Refactor → Organisation
Changing the organisation — to build the technology right.
In earlier blog posts, we explored how we moved BBC online to the cloud. This was part of a wider initiative called WebCore, which used a range of serverless technologies to reimagine the BBC website. There were technical challenges we faced integrating WebCore with our architecture, but this initiative has been as much a refactor of our organisation, with profound implications on the people within it.
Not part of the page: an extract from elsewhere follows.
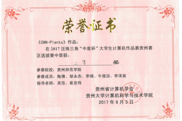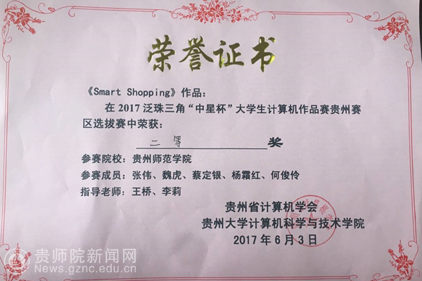 最终,YABO鸭脖五支参赛队伍,分别获得省二等奖两项、三等奖一项、最佳答辩奖和优秀奖两项。其中,作品“CNN-Plants”(学生:陶倩、邹永杰、李靖、牛俊杰、李泽宸,指导教师:吴恋)、“Smart Shopping”(学生:张伟、魏虎、蔡定银、杨霜红、何俊伶,指导教师:王桥、李莉)获得省二等奖,作品“云计算背景下基于反向代理的数据中心公网IP复用解决方案——反代主机管理系统”(学生:廖俊林、杨建华,指导教师:林宏)获得省三等奖,作品“智能居家监控预警系统”(学生:赵兵、夏园园、肖婷、饶钦,指导教师:吴恋、桑海伟、赵建川)获得最佳答辩奖和优秀奖,作品“面向精准扶贫对象的署类储藏监控系统”(学生:卞鲜鑫、罗锐、陈海、高望,指导教师:赵建川、桑海伟、吴恋)获得优秀奖。

In this blog post, rather than focus just on the technical challenges, I want to share:
- Some of the organisational history that led to WebCore
- How we went about re-organising for success
- How we viewed the team topologies and interaction modes between teams
- How we view the role of the platform (and the Core teams who build it) in enabling many teams to interact with one another
First — some history…
The BBC website is made up of several digital services, including iPlayer, Sounds, News and Sport. Each is a major service in its own right — with millions of visits every week — and they have grown independently of one another over several years. This was reflected in the way the organisation was shaped — with separate departments owning each digital service.
This shape meant each individual product achieved its own aims well, but it also meant the user experience across multiple services wasn’t as seamless and consistent as it could have been. There were mismatched technologies and duplication between the services. Lots of features, despite being conceptually similar, were implemented multiple times — with the total cost of maintenance also paid multiple times. Cross-cutting capabilities — e.g., personalisation and analytics — were major tasks that each product development team had to tackle themselves.
WebCore is part of a strategy to re-imagine BBC Online and create a single website for all the digital services. Standardising onto a single technology set, building shared ‘horizontal’ capabilities, and sharing commodity components between teams — will allow the BBC to better leverage the technology and build more innovative features for the audience.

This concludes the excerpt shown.